Karşınızda, Deniz Gezmiş, Atatürk, Nazım Hikmet'li fotoğraflar. Adı 'Türk Solu' siyasi dergisi. Sonra Latin Amerika'nın efsanevi gerilla komutanı Che Guwera'nın resmi.

'Yekta Güngör Özden'in de yazdığı bu dergi ya da site, 'sol' diye, Kürtlere olmadık hakaretler maddelenmektedir.

Bizim işimiz, yıllardır bizleri inkâr ettikleri yetmiyormuş gibi, bir halkın değerlerine hakaret ederek 'antiemperyalizm, demokrasi!' oynayan Türk dalaveresinin her sıfattan temsilcilerini kısmen 'bizimki'lere anlatmak olmamalıydı. Bizim işimiz, varlığımıza kast eden Kemalizmin 'kurbanları'
oldukları için, kendisine hakaret edenlerimizden 'bizimki'lerden bazılarını, bu hakaretten kurtarmakla uğraşmak olmamalıydı.

Bizim işimiz, dünya alem gibi olmalıydı; yani dinciysek kendi gerçekliğimizin dincisi, sağcı, solcu, liberal, ateist, aydın vb isek kendi ulusal değerlerimizin insanları olduğumuzun kimlik tartışmasına asla ihtiyaç duymadan, kendimiz olmalıydık.

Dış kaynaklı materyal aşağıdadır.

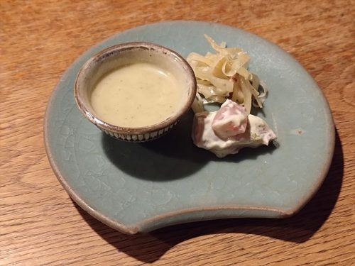 お通しにしてはレベルが高いものです。この中で特筆すべきはヨコワ
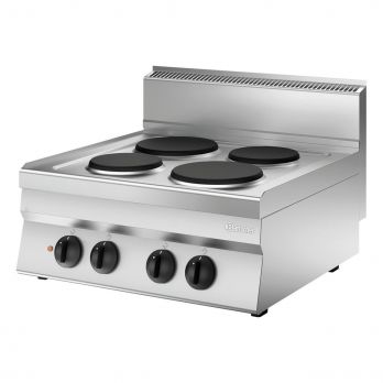 Stolní elektrický sporák série 650 je vyrobený z nerezové chrom-niklové oceli 18/10. Celkový příkon 8,2 kW, 4 hořáky (2 x 2,6 kW, 2 x 1,5 kW). Průměr hořáků 2x 220 mm a 2x 180 mm. Protiskluzové nožičky. Sporák velikosti Š 700 x H 650 x V 295 mm, hmotnost 30,6 kg.

Heyecanlarımız, reflekslerimiz, duygularımız, sevmelerimiz, çok yanlış kanalize edilebilmişliğin kurbanları olduğumuzun gerçeği, 'bizi bizlerle uğraştırmayı 'hediye!' etmiştir. Bu garip hallerimiz olmasaydı, bugün bu 'Türk solu' denen paçavranın dergisi de, sergisi de bizimle bu kadar alay
edemezdi, Bundan, bizi inkar edenlerimize alkış çalan gariplerimizin payı var.

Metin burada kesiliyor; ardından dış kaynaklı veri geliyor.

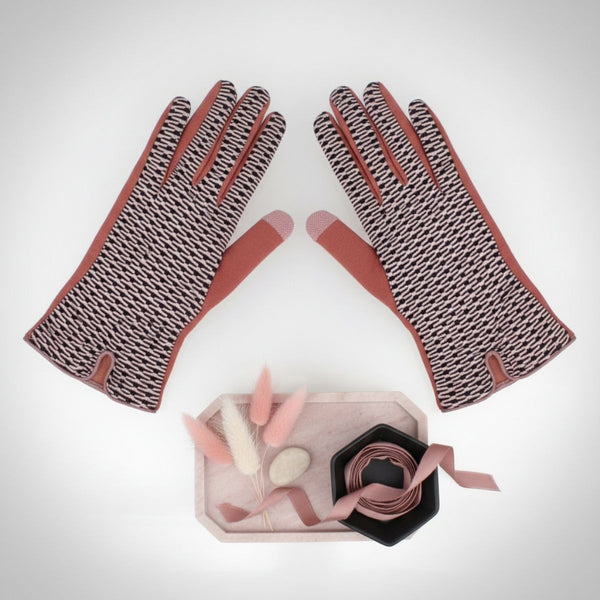 Pink Mauve Cross Wavy Touchscreen Winter Gloves

Bu manzara, eğer 'bizden' her hangi birilerine garip bir çağrışım yapmıyorsa, iki ihtimal düşünüyorum; ya o kişi tamamen duyarsızdır, ya da gerçekliğinden koparılmış, bitmiştir.

Biten biri, sakın ola ki bizleri de, 'demokrasi-memokrasi' oyunlarıyla 'bitirmeye! kalkmasın, bu oyun bedeller ödenilerek bitmiştir.

Deniz Gezmiş'ler böyle değillerdi biliyorum, ama gelin Türk dalaverelerini görün ki, bu güzel insanları (Deniz Gezmiş, Che guwera) kendi ırkçılıklarının hanelerine yazdırtma terbiyesizliklerinden çekinmiyorlar. Che Guwera'lar ezilen ulusların kurtuluş mücadelecinin içinde, Latin Amerika 'Kemalist'lerine karşı direk savaş verdiler.

Nazım hikmet, 'böyle değildi'. O hiç bir zaman Kemalizmle ideolojik akrabalığından kopmadı. Sefalet edebiyatıyla, bir şair olarak, kendi zamanında bizim coğrafyada katliamlar, kırımlar olmasına rağmen tek kelime etmedi. Fakat Atatürk’ü yine de övdüğü gibi, 'Orta Asya’dan bir kısrak boyu gibi. . ' falan dizelerle 'Bu vatan kimin' çağrışımlarıyla, 'Turancı’lığa primler veren şiirler de yazdı. Bu şiirlerin içinde bolca 'Hürriyet, özgürlük!' kavramlarını da koydu.

Ama bizler, Nazım Hikmet'leri tanıdığımız kadar, Cigerxwin'lerimizi tanımadık.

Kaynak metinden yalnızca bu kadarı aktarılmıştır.